No one has read this in a while, or no one reads this, anyways; either way, fine. Good.
For a long time I’ve not been writing beyond the things that the academy expects of me. There are loads of reasons; not wanting to be read with thoughts half-baked, for example. But increasingly, the world has reached such a pitch that I’ve felt like I wanted to say something, anything, if only for myself. And if my positionality as someone capable of taking space much more easily than those not male, or white, has pulled me back from writing publicly*, it shouldn’t have kept me from writing at all. I shouldn’t have left things as they were. I should have kicked the ox off my tongue a while ago.
Which is what this is going to become. I had a blog once, long ago; this is the blog now. It won’t be graceful or polished; it won’t even necessarily be read. But it will be written in.
A year or so ago I started something called Tuesdays and Fridays with a friend of mine I called my Editor: Tuesday and Friday of each week, I would post a poem in a Google Drive folder that only she and I had access to. My job was to write something, anything, and share it by then. Her job was to nag me if I hadn’t done it.
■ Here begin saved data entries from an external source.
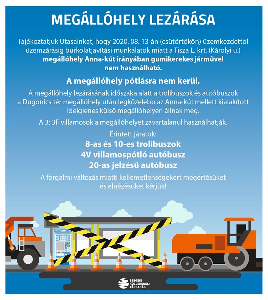 Csütörtökön, azaz augusztus 13-án lezárják a Tisza Lajos körút és az Anna-kút közötti megállóhelyet. Ez idő alatt a trolibuszok és autóbuszok a Dugonics tér megállóhely után legközelebb az Anna-kút mellett kialakított ideiglenes külső megállóhelyen állnak meg.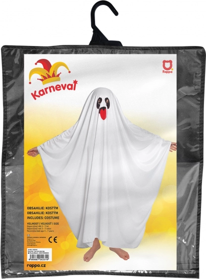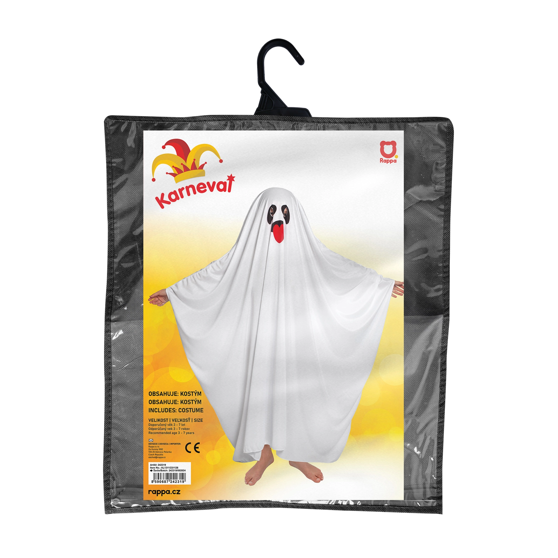 Een schattig en griezelig spookkostuum voor kinderen van 3–7 jaar, perfect voor Halloween, carnaval en schoolfeestjes. Gemaakt van licht materiaal, met een comfortabele pasvorm en openingen voor de ogen voor een veilig zicht. Universele witte mantel met gezichtprint en lengte ca. 106 cm vanaf het hoofd, geschikt voor jongens en meisjes.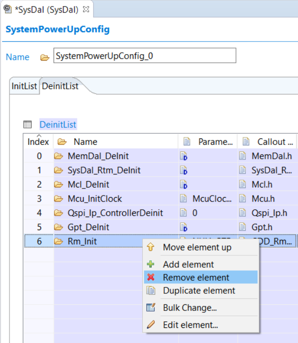 導航到SysDal插件配置,選擇SysDalBswConfig ->PowerUp ->DeinList 。在列表中,刪除項目Rm_Init。

Tuesdays and Fridays stopped out of reasons I no longer understand. It’s starting again. This blog is starting again. It’s worth it, I think, to use whatever space I have to practice not being dumb, or merely observing, the world as I am beginning to understand it. It may even be better for me if I actively have no dreams of this ever being read. But it will be here, for my eyes and for those that might wander onto it, until the servers die and the Anthropocene folds onto us like a heavy cloak. Until the ox gets bored.
*Which is such a strange privilege in itself! Assuming not only that what I wrote would be worth saying, but also that it would somehow of course be published.